Hreflang tells Google which language/country each version of your page targets.

And almost EVERYONE gets it wrong.

Even major brands with nine-figure revenues.

It’s the single most technically complex element in SEO, and it shows.

It’s one of the only technical SEO I don’t do. I hate hreflang tags. They confuse me. I had a bunch of help with this section to ensure it was correct.

Common hreflang horrors:

Missing return links (every language version must link to all others)
If EN links to DE and FR, both DE and FR must link back to EN and each other. Miss one = all ignored.
Incorrect language codes
Using “en-UK” instead of “en-GB” or “es” for all Spanish rather than specific variants like “es-MX”.
Mixing up language and country codes
Using “english” instead of “en” or “England” instead of “GB”. Only ISO codes work.
Self-referencing hreflang missing
Each page MUST include a hreflang tag pointing to itself.
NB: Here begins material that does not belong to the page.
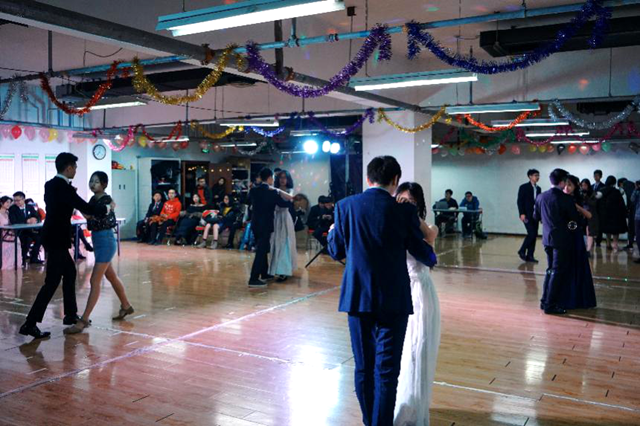 “冬日的熱情始終澎湃,只等待一個舞動的時機,為我們裝扮成最好的樣子,伴隨著音樂舞動青春。”主持人熱烈激昂的開場詞過后,第一組舞者登場,在“愛的華爾茲”的旋律中,以一支優美莊重的交際舞正式拉開了舞會的帷幕。本次舞會分為“輕舞成雙”和“熱蹈效應”兩個主題半場。上半場為舞會的主體環節,伴著悠揚舒緩的舞曲,男生們紳士地向舞伴發出邀請,翩然行走在舞池中央。本場舞會的禮儀隊環繞在舞池周圍,為舞者提供簡單的指導和建議,讓每一位到場的同學都能夠切身體驗到舞蹈的魅力。

Many forget this critical element.
Using hreflang in both HTML and sitemap (pick one)
Sending mixed signals if they’re not identical. Google gets confused about which to trust.
Canonicalizing across languages
FR page canonicalizing to EN page while also having hreflang. Contradictory signals.
Bad syntax in implementation
Forgetting quotes, using wrong attribute names, or incorrect tag structure.
Pointing to redirects or error pages
Href URLs must be the final destination, not redirecting URLs.
Inconsistent implementation across the site
Having hreflang on some pages but not others creates partial implementation confusion.
Over-complicated targeting
Creating separate versions for every country-language pair when language-only would work fine.

If you have multiple language versions, audit ALL of them.

How to audit hreflang properly:

Crawl each language version separately (all of them!)
Export all hreflang annotations from each version
Create a matrix to verify the “return links” principle (every page links to all alternates and itself)
Check all hreflang URLs respond with 200 status (not redirects or errors)
Verify language/country codes against the ISO standards
Check for conflicts with canonical tags
If using XML sitemaps, ensure the hreflang there matches the HTML implementation
Compare the content of each language version (are they actually translations or just the same content?)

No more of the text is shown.